◆ Task to carry out:
In the records below, find the line with "10月13日查询湖北省市场监" and the line with "2018-19 ఆర్ధిక సంవత్సరంలోనే". Print both exactly, along with every line between them, and no other line.

━━━━━ Exercise inputs

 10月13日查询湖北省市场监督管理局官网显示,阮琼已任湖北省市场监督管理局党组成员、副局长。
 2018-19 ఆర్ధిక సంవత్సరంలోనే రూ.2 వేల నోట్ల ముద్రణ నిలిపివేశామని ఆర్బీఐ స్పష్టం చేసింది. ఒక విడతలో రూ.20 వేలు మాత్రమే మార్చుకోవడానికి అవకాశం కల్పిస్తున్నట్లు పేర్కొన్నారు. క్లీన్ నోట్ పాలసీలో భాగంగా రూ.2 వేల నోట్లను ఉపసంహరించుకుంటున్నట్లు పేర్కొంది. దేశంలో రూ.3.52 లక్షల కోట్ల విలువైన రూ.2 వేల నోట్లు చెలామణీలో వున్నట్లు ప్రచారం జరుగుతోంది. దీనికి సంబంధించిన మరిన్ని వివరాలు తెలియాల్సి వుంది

━━━━━━━━━━
━━━━━ Exercise inputs

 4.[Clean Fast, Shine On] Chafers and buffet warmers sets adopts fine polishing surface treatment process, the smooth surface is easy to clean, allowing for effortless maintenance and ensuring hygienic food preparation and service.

━━━━━━━━━━

◆ Response to this task:
 10月13日查询湖北省市场监督管理局官网显示,阮琼已任湖北省市场监督管理局党组成员、副局长。
 2018-19 ఆర్ధిక సంవత్సరంలోనే రూ.2 వేల నోట్ల ముద్రణ నిలిపివేశామని ఆర్బీఐ స్పష్టం చేసింది. ఒక విడతలో రూ.20 వేలు మాత్రమే మార్చుకోవడానికి అవకాశం కల్పిస్తున్నట్లు పేర్కొన్నారు. క్లీన్ నోట్ పాలసీలో భాగంగా రూ.2 వేల నోట్లను ఉపసంహరించుకుంటున్నట్లు పేర్కొంది. దేశంలో రూ.3.52 లక్షల కోట్ల విలువైన రూ.2 వేల నోట్లు చెలామణీలో వున్నట్లు ప్రచారం జరుగుతోంది. దీనికి సంబంధించిన మరిన్ని వివరాలు తెలియాల్సి వుంది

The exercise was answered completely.